# Can access download mode but not recovery and ODIN is not recognizing



## gamesfrager

Hello everyone,
I'm posting this as a last resort before the phone goes to the trash bin.

I have a Samsung Galaxy S2 GT-I9100M, had the official JellyBeans on it, never rooted and no custom ROM were ever installed on it.
I turned on the phone and it was stuck at the Samsung Galaxy SII logo and that's it.
If I plug it in, then it shows the battery icon but the animation on it is stuck!
I have another SGS2 and I have CM 10 on it, so I replaced the battery because I know this one is fully charged, but that didn't help.
It keeps showing the battery charging icon but there is no animation. So it's the same thing and doesn't seem to be a battery issue?!

I tried to boot into recovery mode all I get is the white Samsung logo flash and then the device reboots.

I tried download mode to flash anything that would bring it back, it showed me the download mode and following the CM instructions using Heimdall, it says it download the PIT and then started uploading the kernel (zImage) and it was showing 100%. However, on the device side there was no blue progress bar, and after waiting, Heimdall reported fail. It didn't detect the kernel was uploaded.

So I tried Odin, but it won't recognize the device is plugged in, no yellow, orange or any other colours show up on Odin, it simply didn't detect it.

So, I'm turning to you guys if you know of a way to allow it accepting the kernel or something from Heimdall or Odin etc.
Is there any hope? I have been searching the web all night last night and only one or two threads were people had the same issue but unfortunately there was no resolution to their issue.

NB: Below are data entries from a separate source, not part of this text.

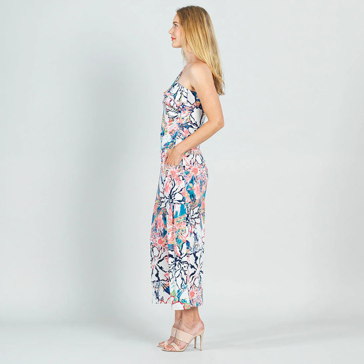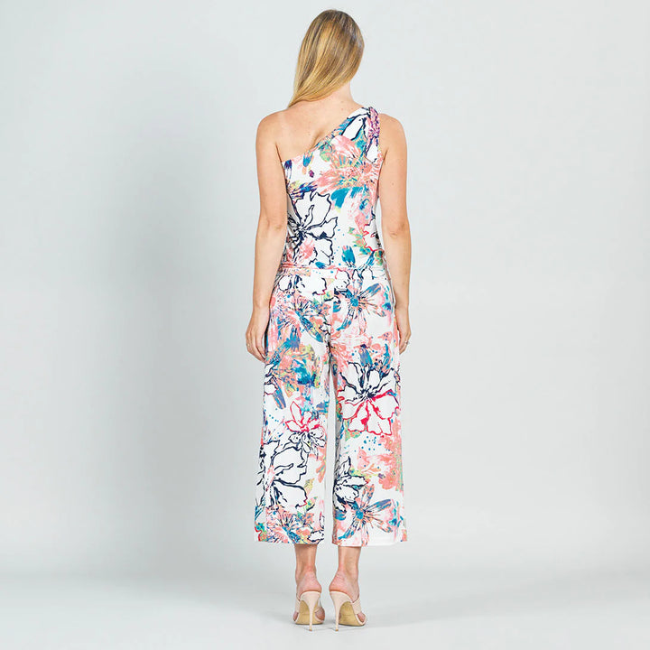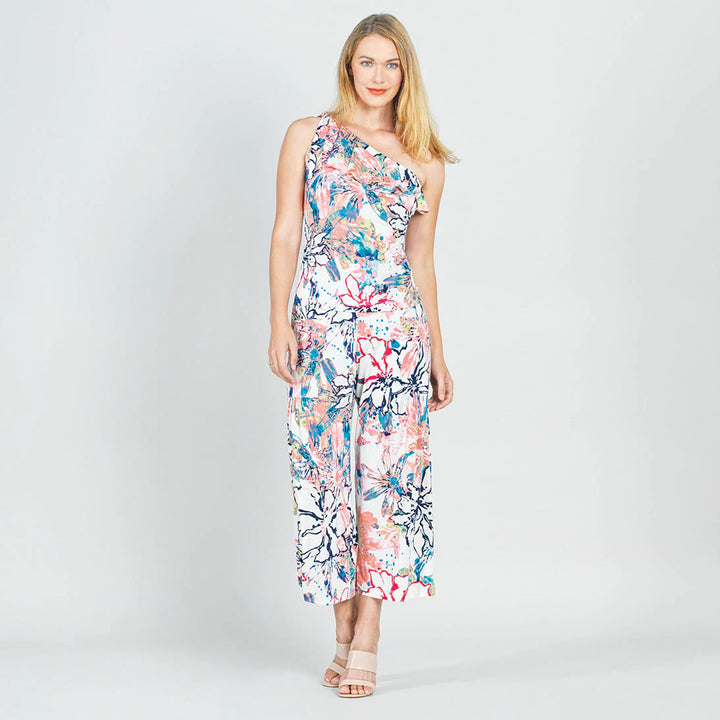 Color yourself pretty, by wearing the Water Floral Ribbon One Shoulder Ruffle Neckline Top! This style features a ruffled, asymmetrical neckline created by a sleek, one-shoulder, bra-friendly strap which displays a charming, ribbon-tie detail, and a straight hemline.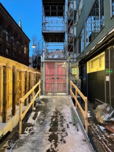 Da hotellet Skt. Petri midt i byens pulserende hjerte stod over for en storstilet renovering, var der brug for et særligt element: et hejs, der skulle være både kraftfuldt og diskret. Hotellets hovedindgang, placeret kun ti meter fra renoveringsstedet, krævede en løsning, der kunne forene funktionalitet med en nærmest usynlig tilstedeværelse.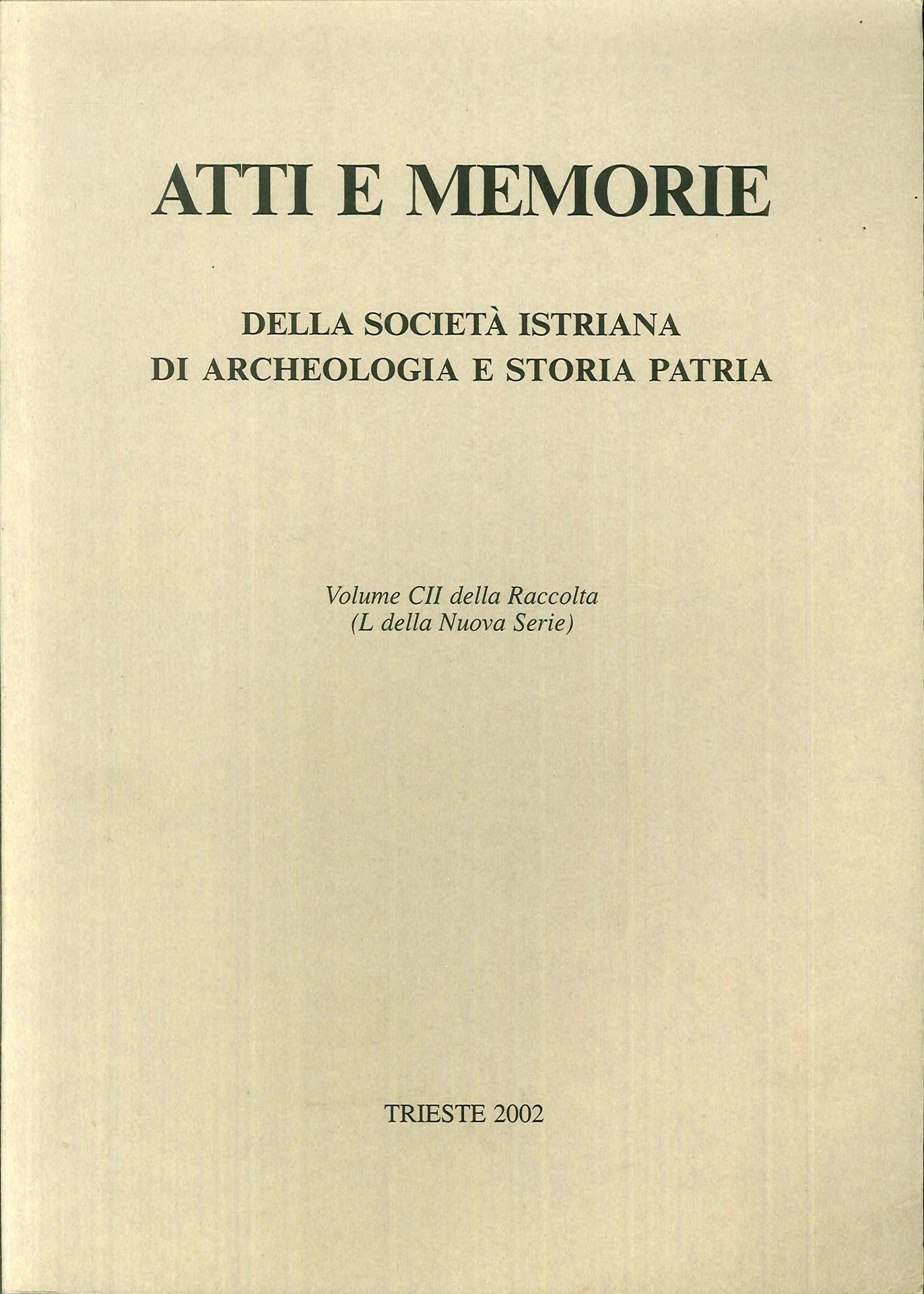 Volume CII della raccolta (L della nuova serie.). Trieste, 2019; br., pp. 574, ill. b/n, cm 17,5x24. (Atti e Memorie della Società Istriana di Archeologia e Storia Patria. 53. 2).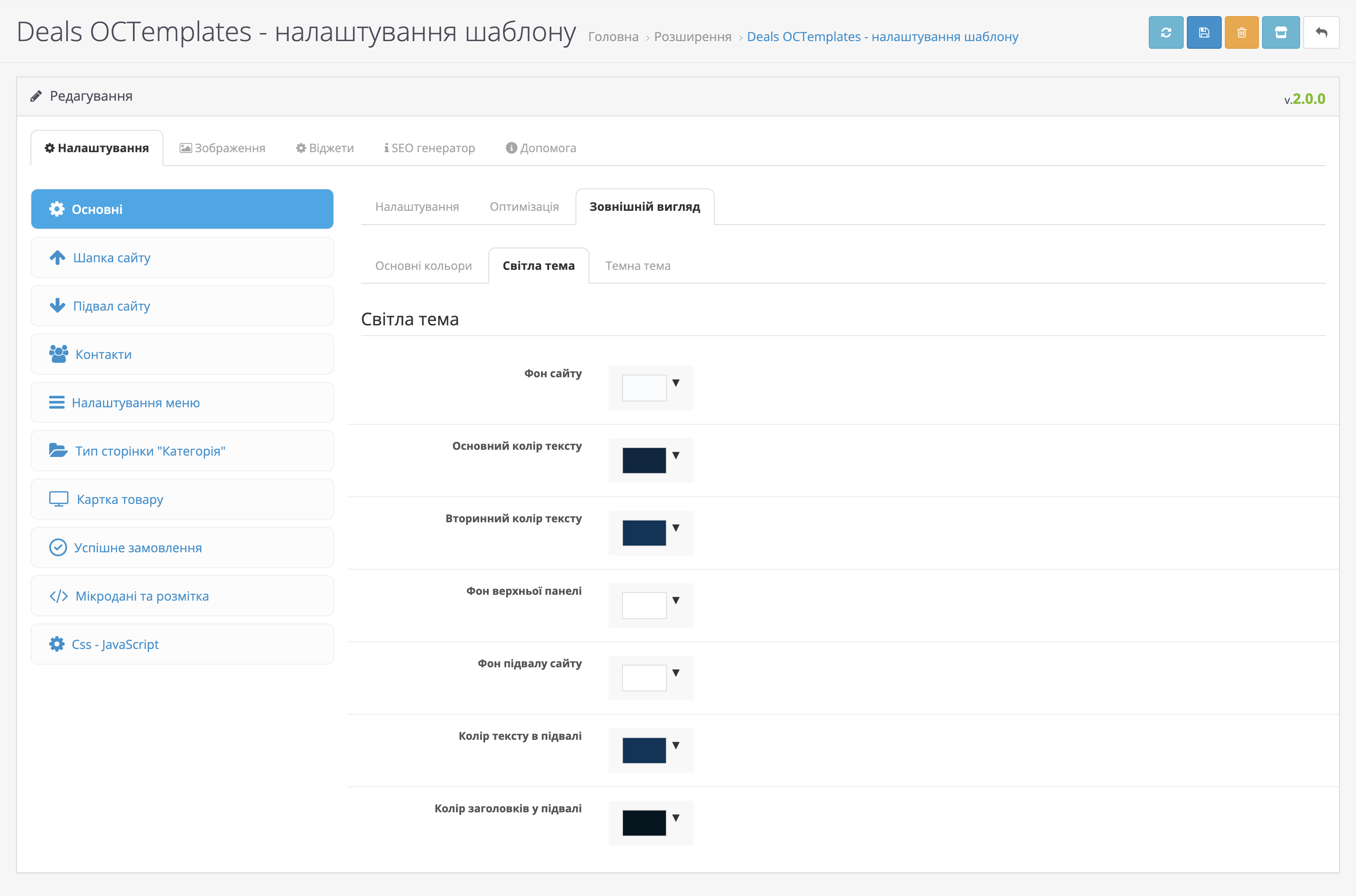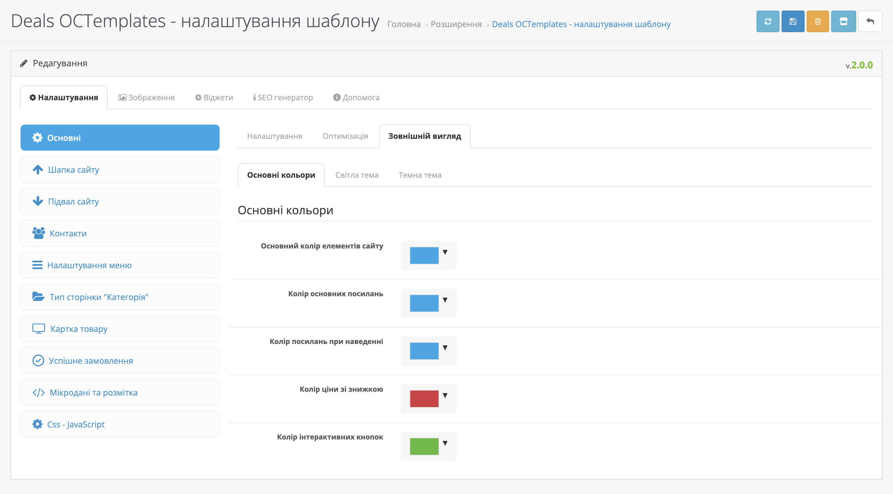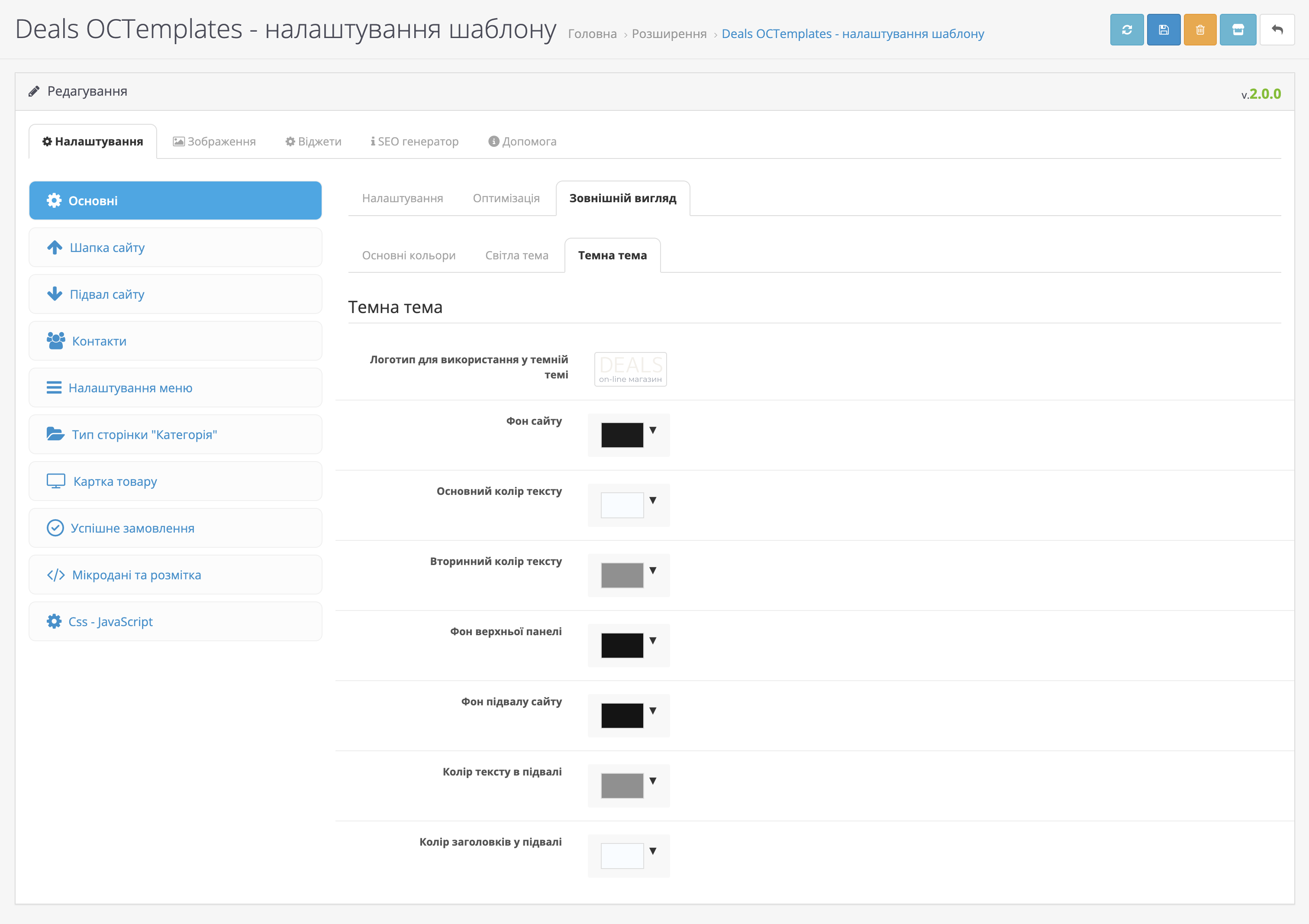 Модуль "Deals OCTemplates - налаштування шаблону" містить основні налаштування шаблону, які зручно структуровані за вкладками.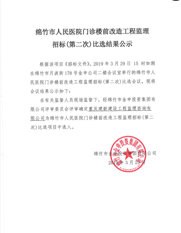 市人民醫院廣場(chǎng)改造工程監理(第二次)比選結果公示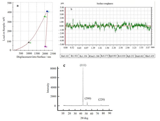 For this study, the nickel plating was prepared using the plating process parameters determined according to orthogonal tests. Figure 13 shows the test results for the preparation of nickel plating with the optimal plating process parameters. In particular, Figure 13a shows the load-displacement curve measured by the Nanoindentation Test System. After analysis and calculation, the microhardness and modulus of elasticity of the nickel plating were obtained at 3.86 GPa and 238 GPa, respectively. The result of the surface roughness parameter Ra for the nickel plating is shown in Figure 13b, at 0.182 μm. Figure 13c shows the X-ray diffraction pattern of the resulting nickel plating, and the display of the nickel plating along the (111) crystalline plane with a selective orientation. The grain size of the nickel coating calculated using Scherrer’s formula is 34.8 nm. High-strength nickel plating on mild steel Q235A surfaces was prepared using the optimal process parameter scheme with good test repeatability.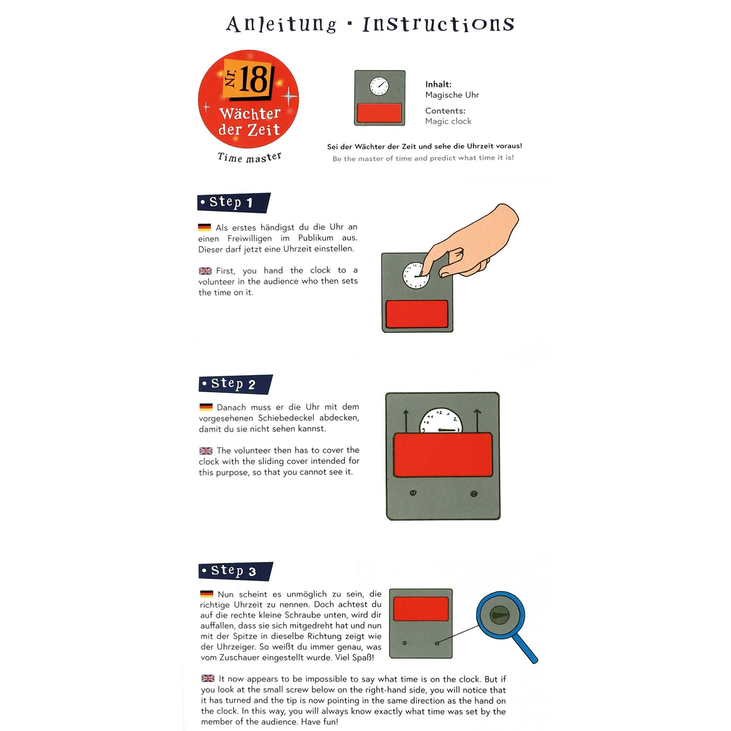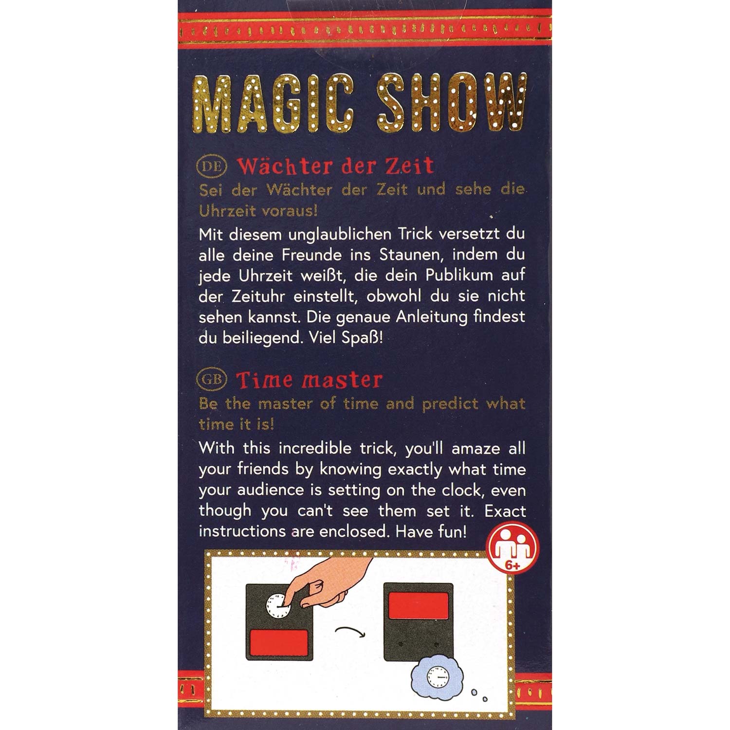 Sei der Wächter der Zeit und sehe die Uhrzeit voraus! Mit diesem unglaublichen Trick versetzt du alle deine Freunde ins Staunen, indem du jede Uhrzeit weißt, die dein Publikum auf der Zeituhr einstellt, obwohl du sie nicht sehen kannst. Die leicht verständliche, bebilderte Anleitung zeigt dir, worauf es bei dieser verblüffenden Illusion ankommt. Zusätzlich erhältst du 5 Tickets, mit denen du zu deiner eigenen MAGIC SHOW einladen kannst.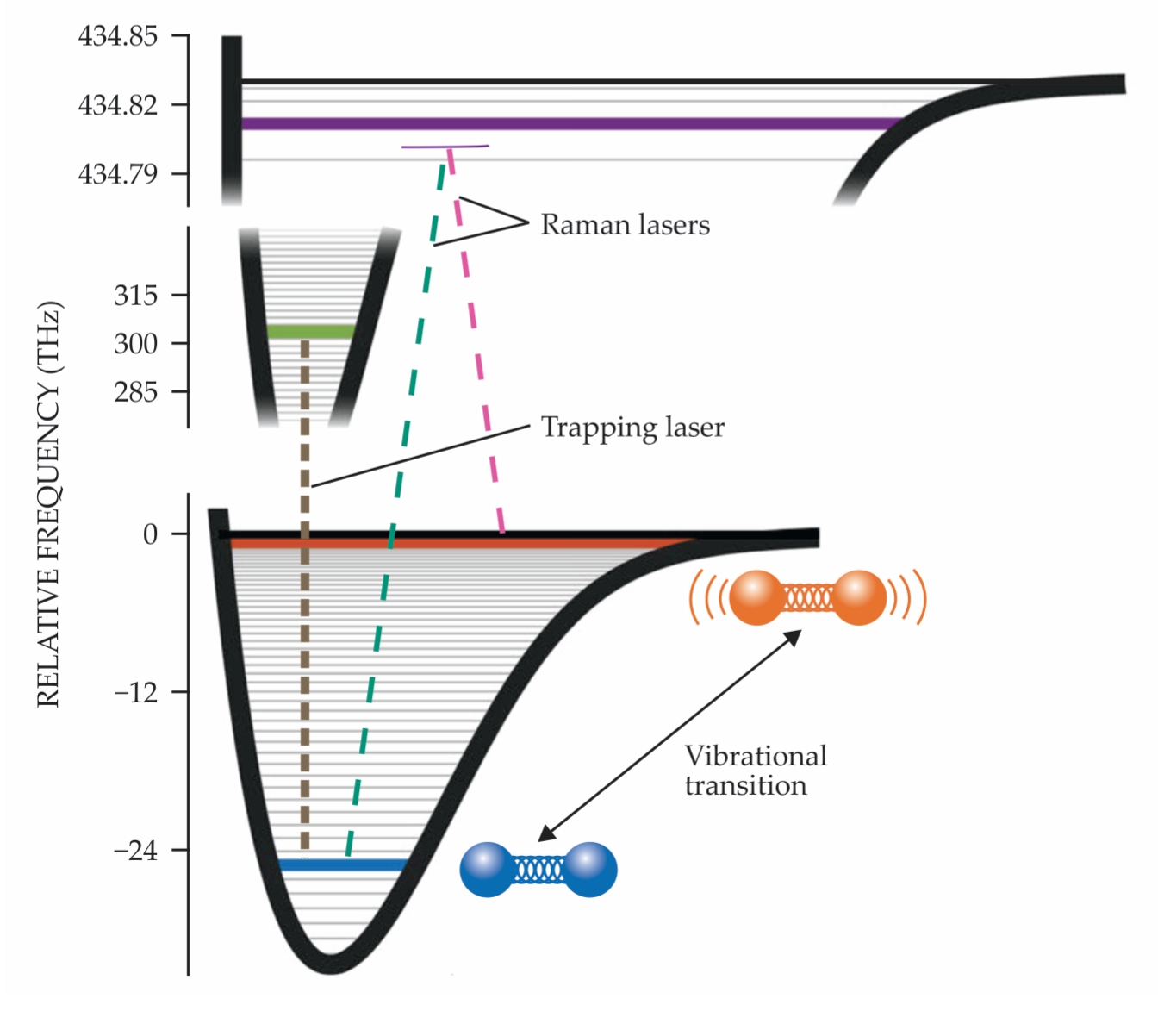 To probe the energy difference between two vibrational states, shown in blue and orange in figure 2, the researchers use Raman spectroscopy, a two-photon process that connects the two states by way of a higher-energy virtual state. The difference between the Raman laser frequencies can be stabilized to better than 0.1 Hz. The technique’s precision is thus limited by molecular, not optical, effects.

Here is what Heimdall report when trying to use the command line:

Initialising connection...
Detecting device...
Claiming interface...
Setting up interface...

Checking if protocol is initialised...
Protocol is not initialised.
Initialising protocol...
Handshaking with Loke...

Beginning session...
Session begun with device of type: 131072

Downloading device's PIT file...
PIT file download sucessful

Uploading KERNEL
100%
ERROR: Failed to confirm end of file transfer sequence!
KERNEL upload failed!
Ending session...
ERROR: Failed to send end session packet!

The above log is the same if I used version 1.3.1 or version 1.3.2 of Heimdall

Regards


----------